Gambar atau konten salah?

4 Mei 2026 – Sertifikat mualaf milik Richard Lee telah dicabut oleh Mualaf Center Indonesia. Pendakwah Hanny Kristianto menjelaskan alasan di balik keputusan tersebut dalam wawancara daring. Ia menegaskan bahwa satu alasan utama adalah untuk mencegah sertifikat tersebut tidak terpakai. “Alasan yang pertama saya cabutsertifikatnya adalah, saya tidak mau sertifikat yang dikeluarkan itu tidak digunakan. Faktanya sampai hari ini KTP‑nya masih Katolik,” ujarnya.

Menurut Hanny, sertifikat mualaf memiliki fungsi administratif penting. Sertifikat tersebut diperlukan untuk perubahan data kependudukan, pengurusan jenazah, dan dokumen resmi lainnya. Jika tidak digunakan, hal ini berpotensi menimbulkan masalah di masa depan. “Karena, seseorang mualaf ketika meninggal itu banyak yang dimakamkan bukan dengan cara‑cara Islam. Kenapa ada sertifikat, segera diubah. Jangan merepotkan orang yang masih hidup ketika sudah meninggal,” jelasnya.

Selain itu, Hanny menyinggung potensi penggunaan sertifikat dalam perkara hukum antara Richard Lee dan Doktif. Ia tidak ingin dokumen tersebut menjadi alat dalam konflik hukum antar pihak. “Yang kedua, saya tidak mau sertifikat mualaf ini dijadikan barang bukti atau bahan di pengadilan untuk saling menyerang dengan sesama muslim. Karena ada disebutkan, ‘Ya ini akan kita pakai untuk konstruksi hukum’,” kata Hanny. Ia menegaskan bahwa jika hal tersebut terjadi, dirinya sebagai pihak yang mengeluarkan sertifikat bisa ikut terseret dalam proses hukum.

Ia menekankan kembali fungsi administratif sertifikat mualaf: menikah, mengganti kolom agama di KTP, serta pengurusan surat kematian. “Sertifikat ini kan cuma gunanya administratif. Menikah, mengganti kolom KTP, mengurus surat kematian,” tambahnya.
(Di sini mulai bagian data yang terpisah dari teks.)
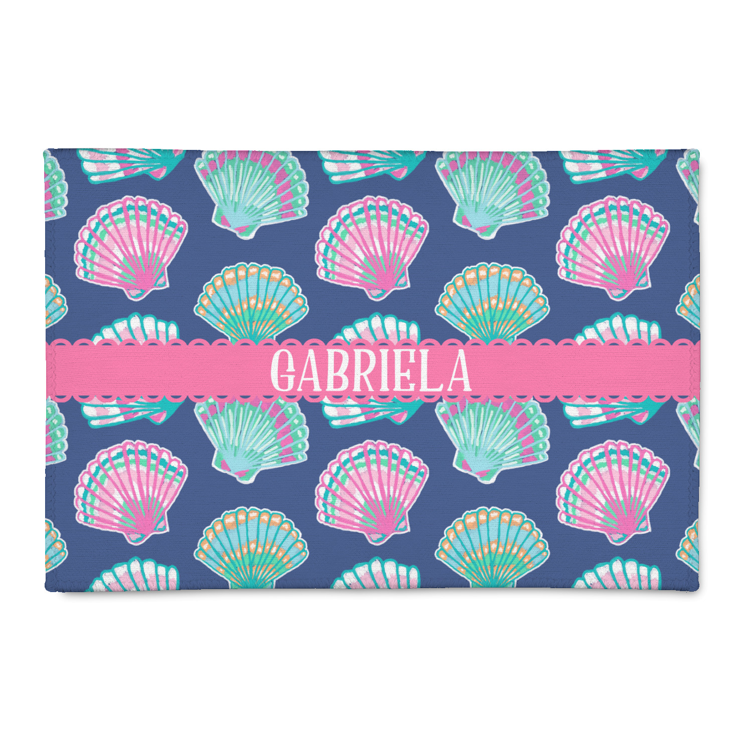 In this design, light pink and teal shells are randomly arranged on a blue background to create a stunning pattern. The main design uses a scalloped ribbon with a name for personalization. The coordinating pattern is filled with overlapping teal and pink shells.

Lebih lanjut, Hanny menyoroti beberapa pernyataan dan aktivitas Richard Lee yang menjadi pertimbangan tambahan. Ia mengutip video di mana Richard mengaku, “Setelah 3 tahun saya masuk Islam, ini pertama kali saya ke gereja lagi, dan saya percaya Tuhan Yesus.” Menurut Hanny, kalimat tersebut tidak mengakui la ilaha illallah. “Richard ini kan ngaku di video bahwa, ‘Setelah 3 tahun saya masuk Islam, ini pertama kali saya ke gereja lagi, dan saya percaya Tuhan Yesus.’ Itu kalimat menurut saya sudah tidak mengakui la ilaha illallah,” ucapnya.

Meski begitu, Hanny menegaskan pencabutan sertifikat tidak serta‑merta mencabut status keislaman seseorang. “Akhirnya seolah‑olah saya mencabut sertifikat mualaf, terus tidak mengakui dia muslim, padahal nggak. Karena saya mengeluarkan sertifikat,” pungkasnya.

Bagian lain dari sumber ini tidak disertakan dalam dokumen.